Friday, March 29, 2013

Getting a jump on the season: Carrots

Well, I've been doing some complaining about not starting early enough, and here I find out I started my carrots too early - let me back up.

A friend of mine introduced me to a local gardening power team, Gene Bazan and Tania Slawecki. I've visited their impressive production system twice now, and brought home lots and lots of ideas, some more feasible than others given the attention I can afford to dedicate to the garden realm. You can read more about their system at neo-terra.org.

One of these ideas was to start carrots in flats rather than direct seeding them. Typically, this is ill-advised because the carrot root is so fragile and transplanting is so tedious. But Gene succeeds, and there are certain advantages. Carrot seeds take quite a long time to germinate (2-3 weeks) and the soil must be maintained evenly moist during this period. I accomplished this one year (or perhaps the weather cooperated) but other seasons, especially summer planting for fall harvests, I have not managed to get out there and water regularly enough to assure carrot germination.

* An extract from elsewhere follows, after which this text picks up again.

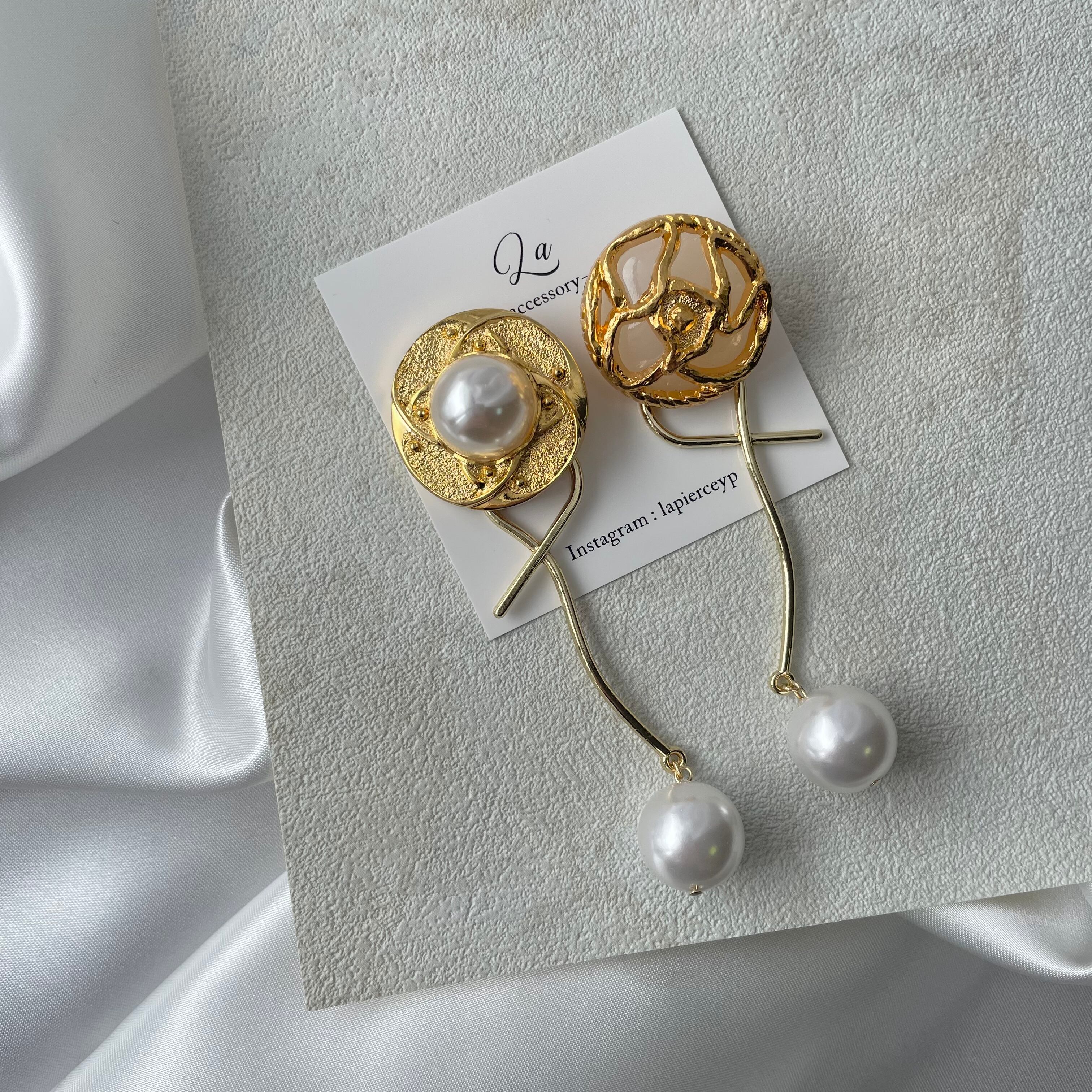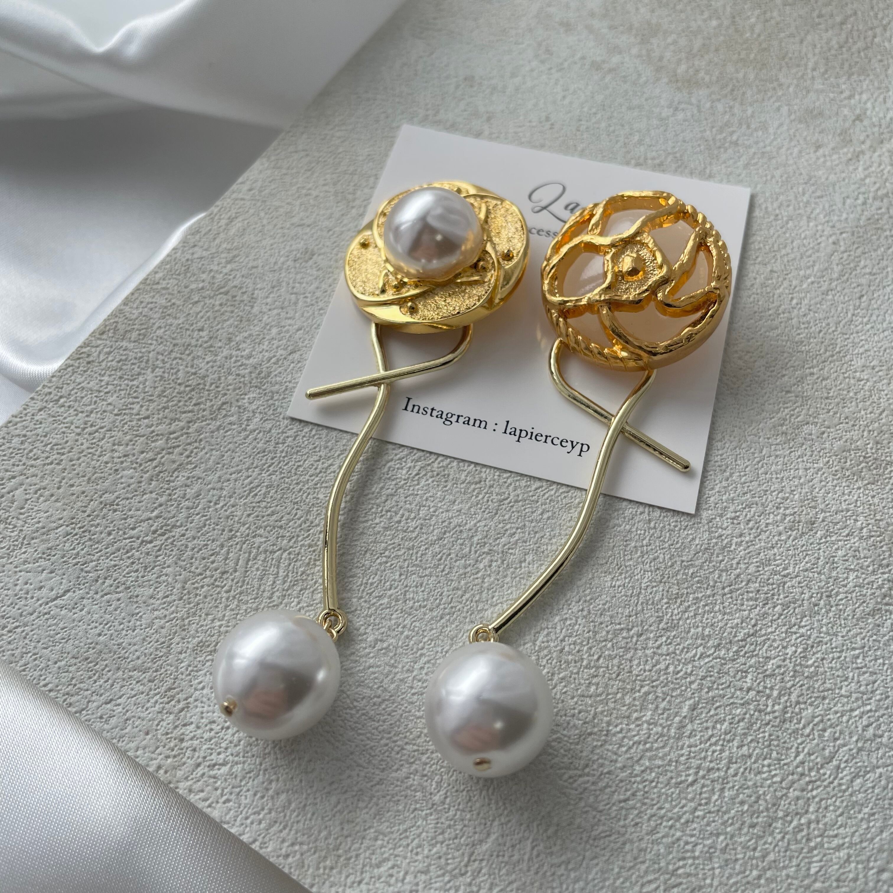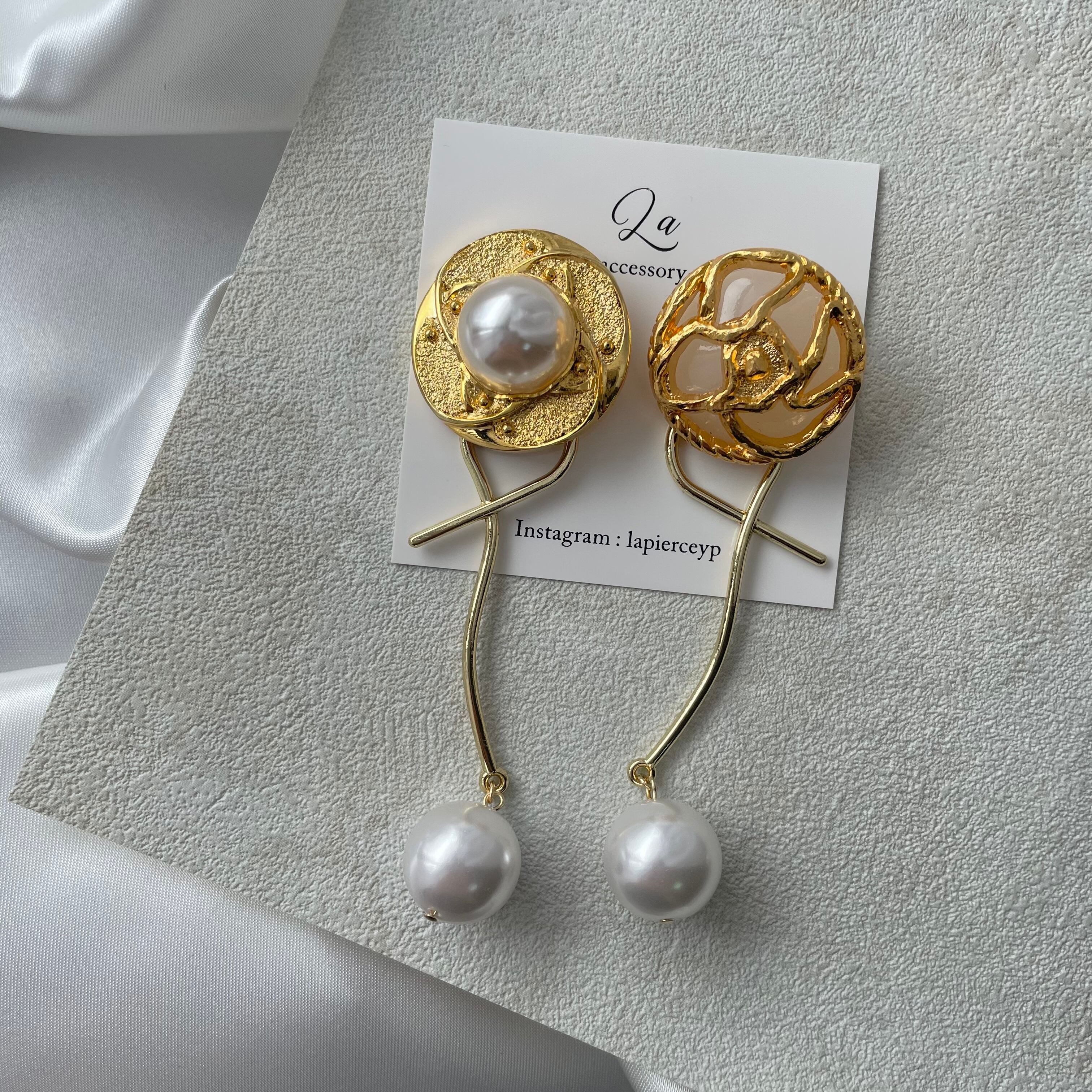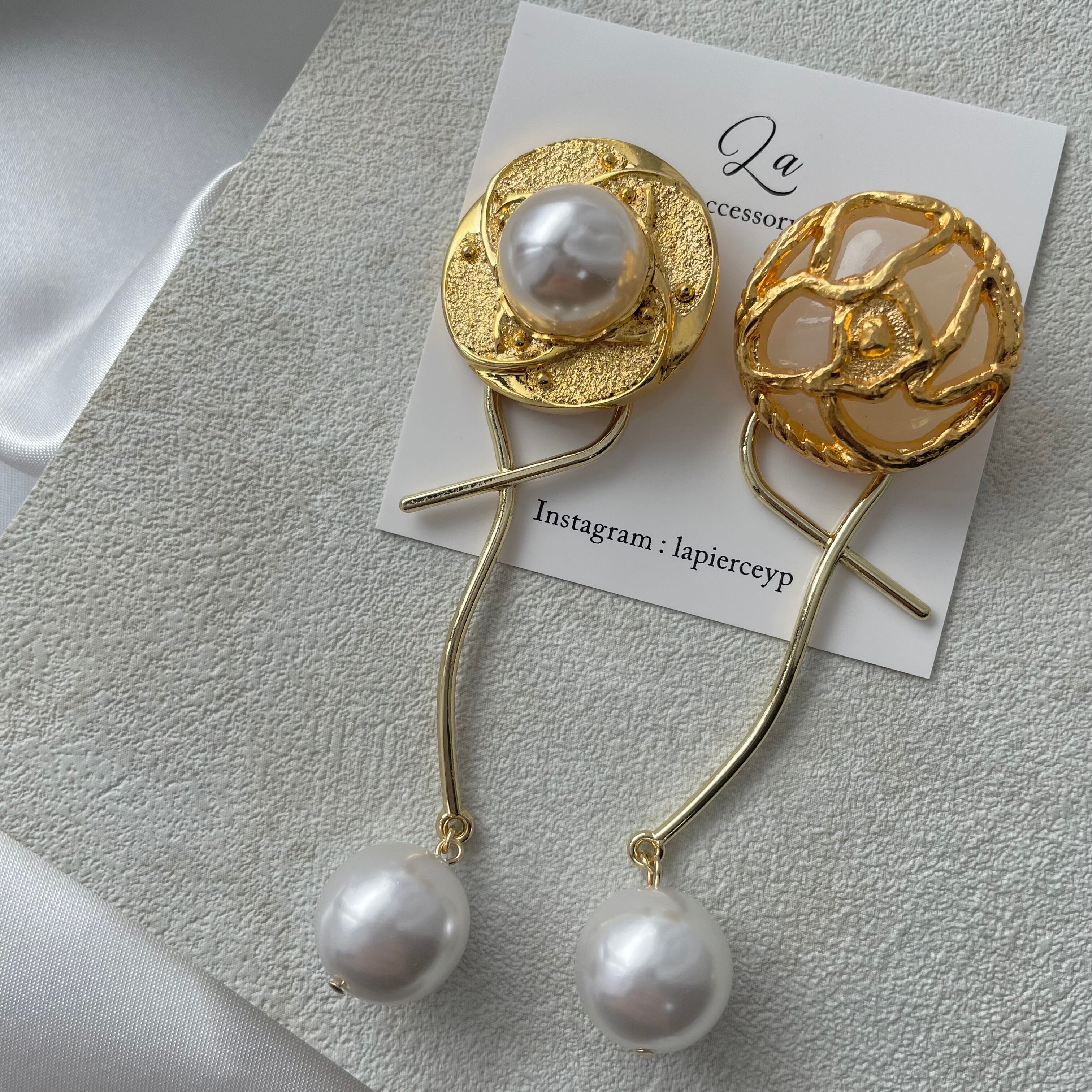 【1点物*】ヴィンテージボタン×くるりんぱピアス

This year, I thought I'd give Gene's method a try - and I was thrilled with the results. A high rate of germination in just 4 days! I moved the flat (a reused plastic organic spinach pack from the grocery store) out to the cold frame for better light.

But having sprouted 3 weeks ago, none of the seedlings have true leaves. All of the cotyledons are a beautiful healthy shade of green, they just don't seem to be growing.

So I started investigating light and temperature requirements (great article from Plant Pro here) and asked Gene for more guidance. Here's what I learned:

1. Carrots develop the root length in as little as 3 weeks.
2. Carrots develop the root length within the first 50 days.
3. "An increase in early storage root length after emergence is favoured considerably by constant temperatures of 20 or 24°C." (20c=68F)
4. "Preferred growing conditions for most carrot cultivars are warm day and cool night temperatures and this usually provides the best combination of root length and diameter."
5. Gene starts his seeds around March 30th to transplant May 4th (State College, PA dates)
6. When transplanting, Gene's seedlings are about 2" tall and have ~4 true leaves.
7. To transplant Gene inserts a narrow trowel, pulls the prepared, finely textured soil back, and drops the 2-3" long taproot straight down into the void behind the trowel before pulling it out and settling the soil.
8. Gene's preferred are Danvers and Danvers half-long for heavy clay soils.


But I'm still not quite to the bottom of why my carrots aren't sprouting true leaves. Clearly, I started them too early, about a month earlier than Gene. But the Plant Pro article seems to say they like warm days and cool nights, which is about what they are getting in the cold frame - although nights may be too cold? We have been having the steadiest string of gray gray days. Light definitely could be an issue.

Verdict? Since they haven't actually died, I'm going to allow the experiment to play out. I'll keep them in their flats, in the cold frame until they sprout leaves, or until the seeds I'll start this weekend (on Gene's schedule) beat them in the race. There's a definite chance they won't win this competition, but I've always had a hard time pulling a living plant - except dock, but that's another story.